Middleware Patterns in Go

How to do pre and post-processing on all requests

So far you've seen how to build a Go web server that routes requests to different functions depending on the requested URL. But what if you want execute some code before and after every request, regardless of the requested URL? For example, what if you wanted to log all requests made to your server, or allow all of your APIs to be callable cross-origin, or ensure that the current user has authenticated before calling the handler for a secure resource? We can do all of these things easily and efficiently using a middleware handler.

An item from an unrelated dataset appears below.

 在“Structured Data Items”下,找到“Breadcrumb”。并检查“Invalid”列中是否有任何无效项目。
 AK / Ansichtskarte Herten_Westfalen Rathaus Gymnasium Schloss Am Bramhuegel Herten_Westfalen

A middleware handler is simply an http.Handler that wraps another http.Handler to do some pre- and/or post-processing of the request. It's called "middleware" because it sits in the middle between the Go web server and the actual handler.

architectural diagram showing middleware in the request/response flow

Logging Middleware

To see how this works, let's build a simple web server with a logging middleware handler. Create a new directory inside your $GOPATH/src directory, and create a file within that directory named main.go. Add this code to that file:

package main

import (
    "fmt"
    "log"
    "net/http"
    "os"
    "time"
)

func HelloHandler(w http.ResponseWriter, r *http.Request) {
    w.Write([]byte("Hello, World!"))
}

func CurrentTimeHandler(w http.ResponseWriter, r *http.Request) {
    curTime := time.Now().Format(time.Kitchen)
    w.Write([]byte(fmt.Sprintf("the current time is %v", curTime)))
}

func main() {
    addr := os.Getenv("ADDR")

    mux := http.NewServeMux()
    mux.HandleFunc("/v1/hello", HelloHandler)
    mux.HandleFunc("/v1/time", CurrentTimeHandler)

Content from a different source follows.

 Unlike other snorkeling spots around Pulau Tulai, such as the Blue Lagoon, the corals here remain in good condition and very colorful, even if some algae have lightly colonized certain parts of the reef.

    log.Printf("server is listening at %s", addr)
    log.Fatal(http.ListenAndServe(addr, mux))
}

You can run this server by setting the ADDR environment variable and using go run main.go:

export ADDR=localhost:4000
go run main.go

Once the server is running, you can open http://localhost:4000/v1/hello in your browser to see the HelloHandler() response, and http://localhost:4000/v1/time to see the CurrentTimeHandler() response.

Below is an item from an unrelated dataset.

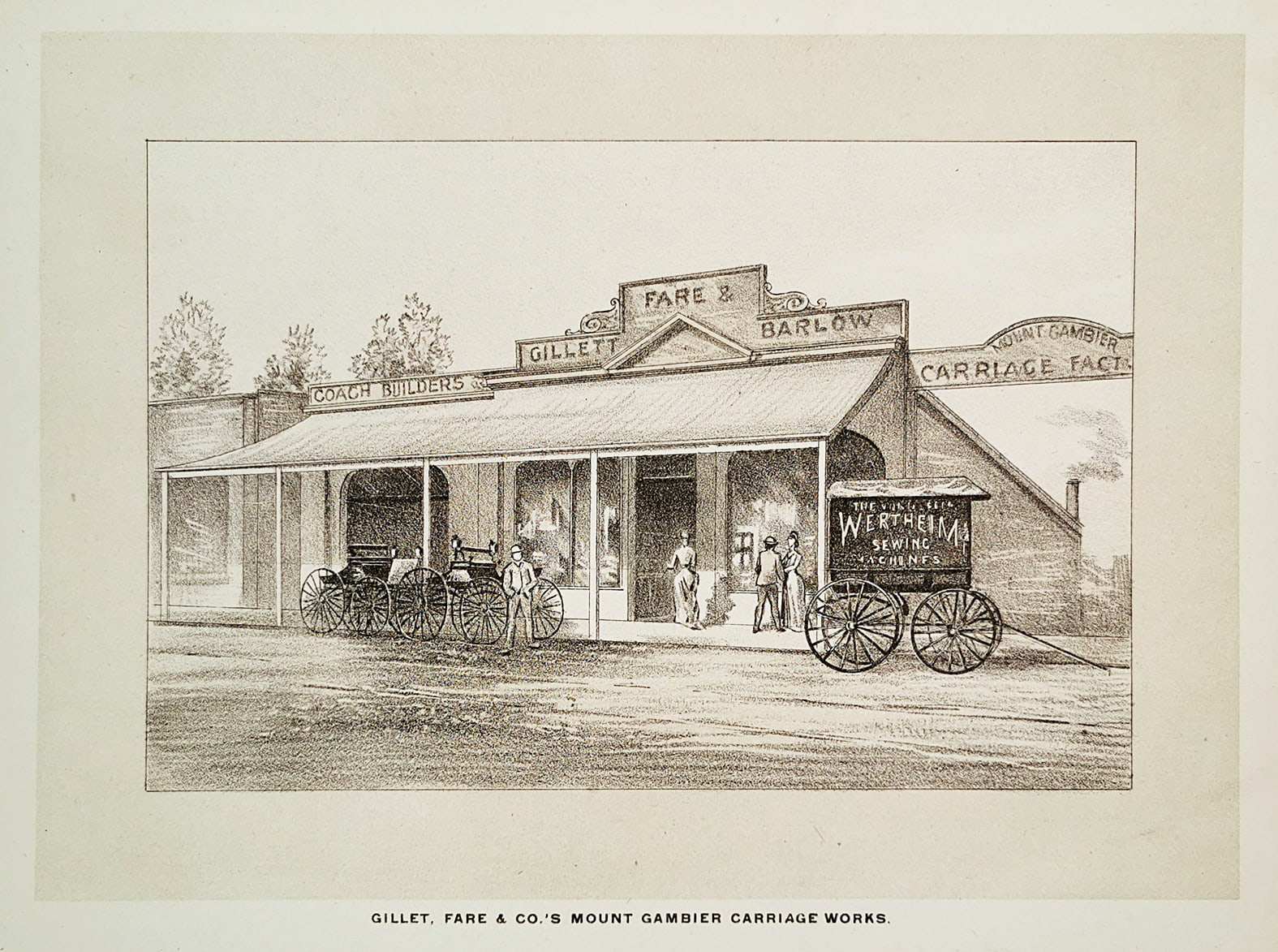 Colonial lithograph of Gillet and Far carriage works, Mount Gambier.

Now suppose we want to log all requests made to this server, listing the request method, resource path, and how long it took to handle. We could add similar code to every handler function, but it would be much better if we could handle that logging in just one place. We can use a middleware handler to do just that.

Start by defining a new struct that implements the ServeHTTP() method of the http.Handler interface. The struct should have a field to track the real http.Handler, which it will call in between the pre- and post-processing of the request.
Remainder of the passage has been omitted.